The Fontane Sisters recorded a version of "Chanson D'Amour" which charted concurrently with the Art and Dotty Todd version, with the Fontane Sisters version peaking at #12 and affording the group their last major hit (the group would have one more entry in the Billboard Hot 100: "Jealous Heart" at #94). In the UK both the Art and Dotty Todd and Fontane Sisters versions of "Chanson D'Amour" were issued along with domestic covers by Tony Brent and Steve Martin.

Also in 1958, Belgian singer Angèle Durand recorded a version which rendered the English lyrics into German; this "Chanson D'Amour" became Durand's signature song. Wendy Van Wanten rerecorded this version in 1998.

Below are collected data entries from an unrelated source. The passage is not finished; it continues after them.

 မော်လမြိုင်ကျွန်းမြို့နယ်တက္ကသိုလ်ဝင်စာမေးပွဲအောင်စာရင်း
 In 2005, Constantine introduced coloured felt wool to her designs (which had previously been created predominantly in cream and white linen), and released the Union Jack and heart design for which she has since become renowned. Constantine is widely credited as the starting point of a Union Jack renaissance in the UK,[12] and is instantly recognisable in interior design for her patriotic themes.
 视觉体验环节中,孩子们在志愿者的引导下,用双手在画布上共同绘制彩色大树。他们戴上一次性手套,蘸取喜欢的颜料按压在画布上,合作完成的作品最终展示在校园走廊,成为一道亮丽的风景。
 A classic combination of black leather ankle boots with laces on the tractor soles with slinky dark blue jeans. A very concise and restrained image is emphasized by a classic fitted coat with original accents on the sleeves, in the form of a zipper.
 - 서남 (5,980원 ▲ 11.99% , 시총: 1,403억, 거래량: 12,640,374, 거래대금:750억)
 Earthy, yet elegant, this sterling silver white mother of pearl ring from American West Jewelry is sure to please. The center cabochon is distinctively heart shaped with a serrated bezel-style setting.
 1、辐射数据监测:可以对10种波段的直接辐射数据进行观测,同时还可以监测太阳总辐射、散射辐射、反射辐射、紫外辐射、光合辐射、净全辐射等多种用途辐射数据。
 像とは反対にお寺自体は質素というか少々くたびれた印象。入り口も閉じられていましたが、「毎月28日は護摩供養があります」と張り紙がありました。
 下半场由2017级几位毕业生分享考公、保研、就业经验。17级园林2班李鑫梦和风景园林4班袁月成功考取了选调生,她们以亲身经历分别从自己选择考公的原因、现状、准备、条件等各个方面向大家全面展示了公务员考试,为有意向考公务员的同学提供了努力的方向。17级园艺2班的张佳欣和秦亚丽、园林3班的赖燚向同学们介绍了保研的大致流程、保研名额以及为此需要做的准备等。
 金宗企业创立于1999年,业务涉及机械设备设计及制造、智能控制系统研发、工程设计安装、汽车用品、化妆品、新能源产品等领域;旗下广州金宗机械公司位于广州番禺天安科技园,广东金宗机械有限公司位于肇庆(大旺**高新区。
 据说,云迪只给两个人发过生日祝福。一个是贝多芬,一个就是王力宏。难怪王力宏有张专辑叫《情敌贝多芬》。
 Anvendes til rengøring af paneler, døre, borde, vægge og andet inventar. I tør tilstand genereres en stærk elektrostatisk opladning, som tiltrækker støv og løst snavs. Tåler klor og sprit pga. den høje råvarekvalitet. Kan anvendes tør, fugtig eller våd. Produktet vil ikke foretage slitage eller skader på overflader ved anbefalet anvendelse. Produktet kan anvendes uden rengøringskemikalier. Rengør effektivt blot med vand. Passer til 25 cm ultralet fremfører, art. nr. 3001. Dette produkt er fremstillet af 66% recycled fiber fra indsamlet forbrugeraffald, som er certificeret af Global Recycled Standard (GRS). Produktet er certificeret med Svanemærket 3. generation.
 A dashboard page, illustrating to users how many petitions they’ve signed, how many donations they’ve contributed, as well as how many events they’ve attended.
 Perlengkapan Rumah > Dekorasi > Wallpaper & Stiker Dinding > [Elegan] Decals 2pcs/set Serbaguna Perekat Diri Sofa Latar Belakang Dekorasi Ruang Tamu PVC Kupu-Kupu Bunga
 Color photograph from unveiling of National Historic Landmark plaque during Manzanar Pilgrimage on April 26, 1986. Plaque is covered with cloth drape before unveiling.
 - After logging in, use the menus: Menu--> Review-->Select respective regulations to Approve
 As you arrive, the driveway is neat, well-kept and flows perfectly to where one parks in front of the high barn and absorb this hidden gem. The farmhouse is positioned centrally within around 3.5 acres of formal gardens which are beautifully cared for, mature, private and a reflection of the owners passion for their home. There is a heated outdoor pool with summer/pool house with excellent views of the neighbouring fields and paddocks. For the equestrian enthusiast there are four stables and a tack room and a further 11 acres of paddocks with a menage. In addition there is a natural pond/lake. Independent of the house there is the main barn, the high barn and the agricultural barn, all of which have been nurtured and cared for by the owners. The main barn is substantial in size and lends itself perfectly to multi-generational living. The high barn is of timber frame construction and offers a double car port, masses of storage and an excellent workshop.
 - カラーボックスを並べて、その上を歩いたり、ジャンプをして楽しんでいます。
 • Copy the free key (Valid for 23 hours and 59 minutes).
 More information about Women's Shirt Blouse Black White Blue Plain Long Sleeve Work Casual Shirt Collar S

In 1959 a Finnish rendering of "Chanson D'Amour" was recorded by the vocal group Jokerit: this version was rerecorded in 1977 – subsequent to the success of the Manhattan Transfer version – by Ami Aspelund, and also by Lea Laven, and Silhuetit (fi) (album Jos Mulle Sydämesi Annat).

The song had made an interim Easy Listening chart appearance in 1966, when a remake by the Lettermen reached #8.

The Frank Farian-produced disco group La Mama had a 1981 single release with a remake of "Chanson D'Amour".

In 1993 The King's Singers recorded their arrangement of "Chanson D'Amour" on their album titled by the same name, Chanson D'Amour.